# ¡¡¡Ski Santiago de Chile, version 2007!!! ¡¡¡Snow, snow, and more snow...!!!



## Iggui (May 17, 2005)

Hello fellow forumers!!!

This thread was originally created by the Argento-Chilean forumer Poroto in Spanish, and for the benefit of humanity at large, I present to you a translated version into Inglés.

Like we do every year in Latinscrapers, and now for the first time in the International section of SSC, I present to you a selection of pictures of the ski centers close to the Chilean capital, Santiago.

We appreciate the unsung collaboration of all those people on Flickr for their invaluable contribution in promoting this very inviting corner of our planet Earth....

The pictures are of the ski centers of *Farellones* and its neighbors *La Parva*, *El Colorado*, *Lagunilla* and *Chapa Verde*. There are also pictures of the slightly more distant Valle Nevado as well as Portillo, which is on the road though the Andes to Argentina.

OK, let's start with a night picture of Santiago where you can see some lights in the distance above the city.....those lights are the ski centers of Farellones, La Parva, and El Colorado.

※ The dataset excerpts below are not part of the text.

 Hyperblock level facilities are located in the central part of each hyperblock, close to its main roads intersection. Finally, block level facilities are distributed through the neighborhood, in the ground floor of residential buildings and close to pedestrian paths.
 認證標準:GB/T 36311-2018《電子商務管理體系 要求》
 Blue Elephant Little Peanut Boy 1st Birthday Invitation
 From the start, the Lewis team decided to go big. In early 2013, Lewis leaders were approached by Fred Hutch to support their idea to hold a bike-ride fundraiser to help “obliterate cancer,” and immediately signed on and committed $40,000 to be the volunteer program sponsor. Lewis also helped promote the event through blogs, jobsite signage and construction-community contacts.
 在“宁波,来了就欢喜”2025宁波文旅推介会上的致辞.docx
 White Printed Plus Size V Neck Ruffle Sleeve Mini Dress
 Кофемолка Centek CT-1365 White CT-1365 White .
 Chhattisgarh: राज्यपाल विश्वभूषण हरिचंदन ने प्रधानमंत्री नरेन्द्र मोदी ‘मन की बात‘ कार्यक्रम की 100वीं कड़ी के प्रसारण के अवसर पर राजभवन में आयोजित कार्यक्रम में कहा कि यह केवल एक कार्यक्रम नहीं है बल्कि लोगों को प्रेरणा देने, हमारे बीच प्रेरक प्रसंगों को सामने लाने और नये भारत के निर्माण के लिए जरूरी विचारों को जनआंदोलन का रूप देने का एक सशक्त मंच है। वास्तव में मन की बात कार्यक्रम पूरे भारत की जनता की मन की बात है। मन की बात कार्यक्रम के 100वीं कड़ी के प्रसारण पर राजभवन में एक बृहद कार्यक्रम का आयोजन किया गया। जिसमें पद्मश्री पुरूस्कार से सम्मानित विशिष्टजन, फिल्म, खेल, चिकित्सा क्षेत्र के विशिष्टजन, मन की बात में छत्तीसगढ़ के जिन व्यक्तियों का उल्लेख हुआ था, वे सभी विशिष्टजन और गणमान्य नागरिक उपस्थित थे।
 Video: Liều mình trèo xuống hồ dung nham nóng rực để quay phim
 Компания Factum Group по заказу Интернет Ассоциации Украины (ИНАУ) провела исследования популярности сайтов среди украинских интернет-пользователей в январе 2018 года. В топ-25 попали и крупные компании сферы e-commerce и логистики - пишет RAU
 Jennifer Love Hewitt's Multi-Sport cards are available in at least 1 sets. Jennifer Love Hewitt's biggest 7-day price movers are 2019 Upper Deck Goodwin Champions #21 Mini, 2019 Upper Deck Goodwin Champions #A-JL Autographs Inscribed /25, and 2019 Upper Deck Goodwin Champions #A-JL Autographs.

Valle Nevado is deeper in the Andes and can't be seen from Santiago.










For the slow people out there, here is a little red rectangle so you can find it... 











This is the beautiful road on the way to the ski centers.....they make nice screen desktops 











In this picture you can start seeing La Parva on the far left.

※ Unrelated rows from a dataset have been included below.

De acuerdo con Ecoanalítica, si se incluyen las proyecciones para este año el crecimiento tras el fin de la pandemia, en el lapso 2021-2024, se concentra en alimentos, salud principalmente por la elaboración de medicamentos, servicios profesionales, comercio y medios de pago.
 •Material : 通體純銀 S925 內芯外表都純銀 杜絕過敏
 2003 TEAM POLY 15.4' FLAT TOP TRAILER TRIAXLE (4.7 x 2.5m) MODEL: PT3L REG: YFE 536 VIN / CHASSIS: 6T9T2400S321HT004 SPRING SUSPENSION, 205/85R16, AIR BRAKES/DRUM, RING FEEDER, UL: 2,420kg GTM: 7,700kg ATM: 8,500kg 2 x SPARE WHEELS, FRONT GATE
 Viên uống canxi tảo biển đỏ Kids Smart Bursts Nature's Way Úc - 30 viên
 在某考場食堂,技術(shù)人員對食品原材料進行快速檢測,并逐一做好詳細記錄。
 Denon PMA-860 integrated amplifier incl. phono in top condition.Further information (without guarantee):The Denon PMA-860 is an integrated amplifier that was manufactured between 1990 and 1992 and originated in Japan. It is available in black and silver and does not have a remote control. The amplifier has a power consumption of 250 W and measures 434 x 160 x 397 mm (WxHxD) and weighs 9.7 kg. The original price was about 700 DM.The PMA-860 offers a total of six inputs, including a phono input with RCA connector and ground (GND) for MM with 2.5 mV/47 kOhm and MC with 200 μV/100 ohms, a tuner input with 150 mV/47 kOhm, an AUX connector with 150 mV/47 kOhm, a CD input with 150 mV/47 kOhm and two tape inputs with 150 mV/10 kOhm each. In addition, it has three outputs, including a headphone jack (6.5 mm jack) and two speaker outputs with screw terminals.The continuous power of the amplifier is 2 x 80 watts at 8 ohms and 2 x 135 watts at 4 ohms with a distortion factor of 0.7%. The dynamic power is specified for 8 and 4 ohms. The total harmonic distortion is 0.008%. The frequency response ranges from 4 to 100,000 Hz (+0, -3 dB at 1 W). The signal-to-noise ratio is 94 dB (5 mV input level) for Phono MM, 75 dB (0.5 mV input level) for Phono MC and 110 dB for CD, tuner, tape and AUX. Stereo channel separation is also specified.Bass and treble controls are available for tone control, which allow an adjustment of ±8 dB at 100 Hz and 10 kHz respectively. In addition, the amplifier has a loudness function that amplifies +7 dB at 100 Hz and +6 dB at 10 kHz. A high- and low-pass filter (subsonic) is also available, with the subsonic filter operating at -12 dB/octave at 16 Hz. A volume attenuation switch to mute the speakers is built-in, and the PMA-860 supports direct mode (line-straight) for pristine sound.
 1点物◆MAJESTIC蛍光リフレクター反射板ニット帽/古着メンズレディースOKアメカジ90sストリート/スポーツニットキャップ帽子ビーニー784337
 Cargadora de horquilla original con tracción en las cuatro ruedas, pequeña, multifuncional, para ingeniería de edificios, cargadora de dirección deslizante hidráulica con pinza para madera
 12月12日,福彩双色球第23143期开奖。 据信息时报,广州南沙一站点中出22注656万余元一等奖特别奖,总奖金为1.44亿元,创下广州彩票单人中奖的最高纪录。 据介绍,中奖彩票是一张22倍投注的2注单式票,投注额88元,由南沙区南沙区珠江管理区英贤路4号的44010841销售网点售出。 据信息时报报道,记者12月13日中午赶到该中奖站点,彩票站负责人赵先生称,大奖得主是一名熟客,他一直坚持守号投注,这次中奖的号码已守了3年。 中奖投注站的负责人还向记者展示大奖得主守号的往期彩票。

Here is a map with the ski slopes closest to the city of Santiago (shown in blue-colored squares) ... 

From North to South:
- Portillo
- La Parva, Farellones, El Colorado, Valle Nevado
- Lagunillas
- Chapa Verde













And here is a map showing the rest of the ski centers down the length of Chile.













FARELLONES

Let's start with the oldest ski center....Farellones, the pioneer of skiing in Chile.....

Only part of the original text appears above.